DATA EXTRACTS Start Marker
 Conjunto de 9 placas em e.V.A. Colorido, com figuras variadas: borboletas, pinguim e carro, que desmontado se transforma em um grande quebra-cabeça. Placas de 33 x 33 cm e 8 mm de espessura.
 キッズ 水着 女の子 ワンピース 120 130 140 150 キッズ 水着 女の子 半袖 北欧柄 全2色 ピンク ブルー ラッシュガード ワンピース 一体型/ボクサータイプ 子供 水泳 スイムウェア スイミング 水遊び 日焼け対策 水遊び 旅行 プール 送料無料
DATA EXTRACTS End Marker
DATA EXTRACTS Start Marker
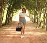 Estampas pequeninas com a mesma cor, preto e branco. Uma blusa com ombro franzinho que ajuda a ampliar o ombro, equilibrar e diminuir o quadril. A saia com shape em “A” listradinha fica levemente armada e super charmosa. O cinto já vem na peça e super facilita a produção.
DATA EXTRACTS End Marker
**REQUIREMENT:** Starting with the line above that holds "Conjunto de 9" and stopping with the line that holds "キッズ 水着 女の子 ワンピース", reproduce each line exactly, omitting all other lines.

**ANSWER AREA:**
 Conjunto de 9 placas em e.V.A. Colorido, com figuras variadas: borboletas, pinguim e carro, que desmontado se transforma em um grande quebra-cabeça. Placas de 33 x 33 cm e 8 mm de espessura.
 キッズ 水着 女の子 ワンピース 120 130 140 150 キッズ 水着 女の子 半袖 北欧柄 全2色 ピンク ブルー ラッシュガード ワンピース 一体型/ボクサータイプ 子供 水泳 スイムウェア スイミング 水遊び 日焼け対策 水遊び 旅行 プール 送料無料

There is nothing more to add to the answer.